This week I head to West Africa, in order to gather photos and stories about the amazing things God is doing there through New Tribes Mission. But as I finished packing, and ran out for a couple of last-minute things, it occured to me that some things I take for granted may mark me as weird.
OK, even weirder than you thought.
An eight-hour flight doesn’t seem that long. The leg of our trip from the USA to Europe takes about eight hours. But after longer flights on the way to Asia — including one of the longest regularly scheduled flights of any airline — that sounds like a piece of cake.
I have a favorite long-flight travel accessory: noise-canceling headphones. The headphones themselves aren’t that odd. I imagine a lot of travelers would list them as a favorite. What’s odd is, I actually have a favorite accessory for long flights. And yes, even though eight hours doesn’t seem that long to me, it’s long enough for noise-canceling headphones.
Tropical diseases? Yeah, I know. I spent something like $600 on preventatives and inoculations, and didn’t flinch when the doctor started talking about long sleeves and pants (even though the temperature is supposed to top 100 degrees F) and bug repellant because of the all the diseases for which there are no inoculations (and in some cases, no cure).

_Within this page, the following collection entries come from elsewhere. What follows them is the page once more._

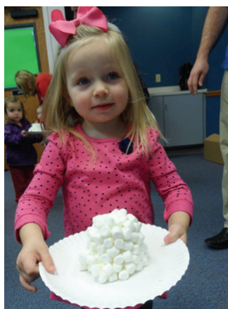
Warrenton storytime had fun making marshmallow igloos.
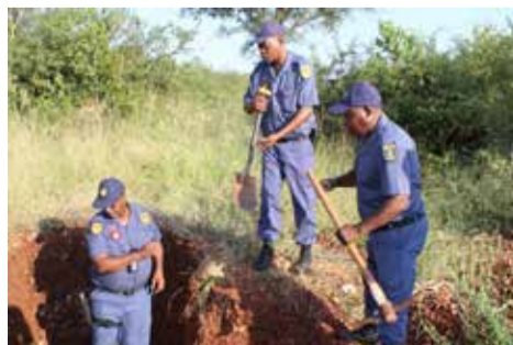
Police seizing various mining equipment utilized in the illicit mining activities.

Such operations serve as a deterrent to would-be offenders and reinforce the importance of law enforcement in safeguarding communities and natural resources.
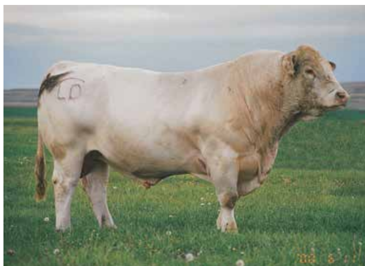
LHD CIGAR E46 SIRE OF LOT 77 EMBRYOS
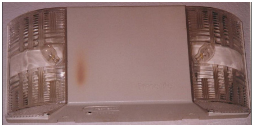
Defective Prescolites were found in a Bethel elder housing complex.
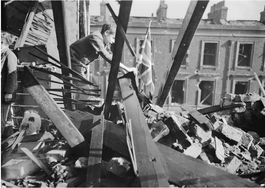
Figure 4.2 A child plants a Union Flag in the wreckage of his home, destroyed in an air raid on London.

had a peculiar effect, as if a giant hand had scooped out the roof timbers and tiles leaving the dividing walls in the loft space between each house. Bomb blast did strange things, a building could have severe damage but sometimes fragile articles like mirrors or vases remained intact and standing on mantelpieces whilst devastation was all around.
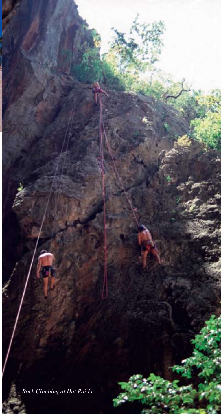
Rock Climbing at Hat Rai Le

The markets and the river frontage of Krabi town, an unpretentious little place huddled near the mouth of the Krabi River, are worth strolling around for their local colour. The main attraction, however, is Khao Khanap Nam, a rock
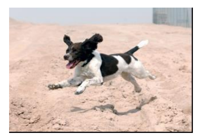
Figure 3: Dogs perform a vital role in the fight against terrorism by seeking out IEDs and hidden weapons

4. Between 1 March 2012 and 31 August 2013 the UK Significant Actions (SIGACTs) data is included in the LORD
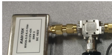
Part of receiver section of radar
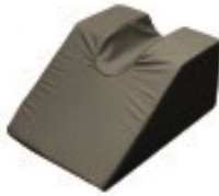
BB-EPP Extremity Positioner Foam/Reusable Each
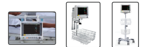
Bed Rail Hook
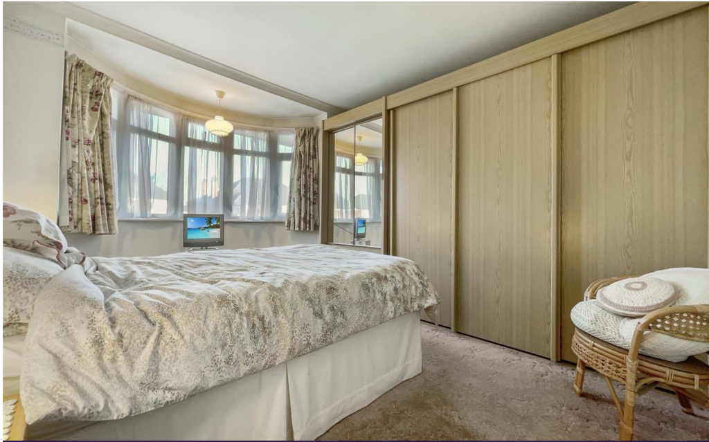
Bedroom 1 (front)
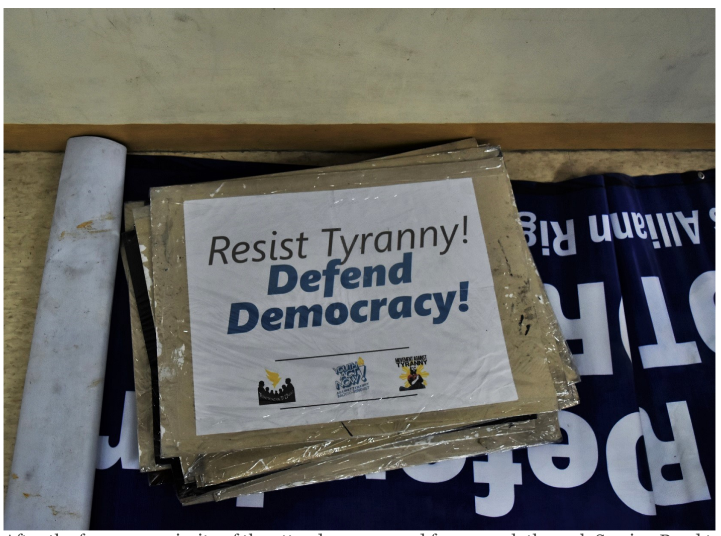
After the forum, a majority of the attendees prepared for a march through Session Road to Igorot Park.
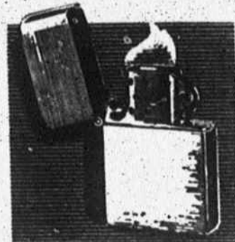
Cigarette Lighters 88c
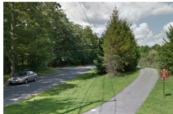
Locally-designated walk/bike route, Storrs

The state's regions play a key role in the selection of transportation projects for funding under federal and state programs such as the Surface Transportation Urban Program, Transportation Alternatives, and the Local Transportation Capital Improvement Program (LOTCIP). We recommend that the regions make provisions for all users a prerequisite for all non-exempt projects they approve. We also recommend that regions actively identify pedestrian and cyclist needs and opportunities and develop projects that address those.
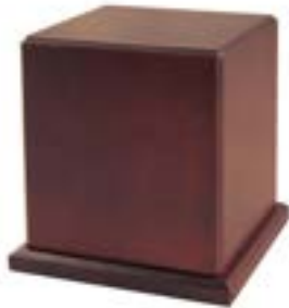
her oo r ce
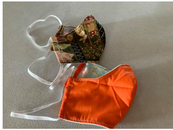
Examples of what homemade cloth COVID-19 masks can look like. Photos courtesy of Vicki Kultgen.

Please check out Liberty County's website for local updates on Covid-19 at http://co.liberty.mt.us/liberty-county-coronavirus-covid-19-information/ and Liberty County's Facebook page.
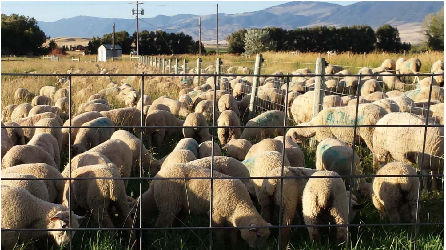
Fence-line weaning begun with ewes on the right and lambs on the left. Note that all heads are down, grazing. After 48 hours, the lambs were gently moved away. Not one bleat and little stress.
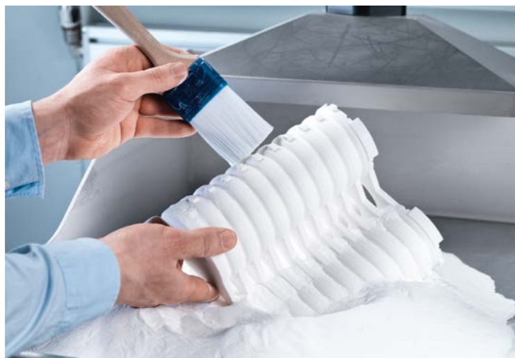
Unpacking of Bionic Handling Assistant: The gripping device is already functional even right after production.

have rather complex designs. Implementation by means of conventional manufacturing methods is impossible or difficult and always expensive. The production method determines the design of the product which all too often leads to design restrictions. Nature's efficient construction principles, on the other hand, are not subject to such restrictions. Therefore, nature can be emulated only by a technology in which the design determines the means of production and which will ideally work in serial production as well.
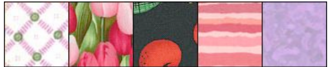
plaid, floral, BLACK, stripes, solid

5. Join 4 (2½") squares of assorted pink and/or purple prints into two pairs. Sew one of the pairs to one side of a black square (2½") , and the other pair to the opposite side of the black square. This is your final row.

Two-weeks-plus, no checked bags. I’m taking a carry-on and a “personal item.” And within that is a camera with two lenses, a computer and a stereo digital recorder. My headphones are actually one of the bulkiest things I’m taking, now that I’ve switched to a Surface Pro as my computer. (And I’m loving it, by the way.)
I’m lamenting the lack of a new goofy hat. For my first four trips overseas with NTM, I wore a different goofy hat each time. But I’ve worn the same one for the last four trips. I suppose that means I’ve found something that works: It’s crushable, has a chin strap and a full brim, and I can snap either or both sides up. Still, I couldn’t help but look at the tacky souvenir shops when we were in Tampa a few weeks back.
Oh well. I’ll let you know if it gets any weirder.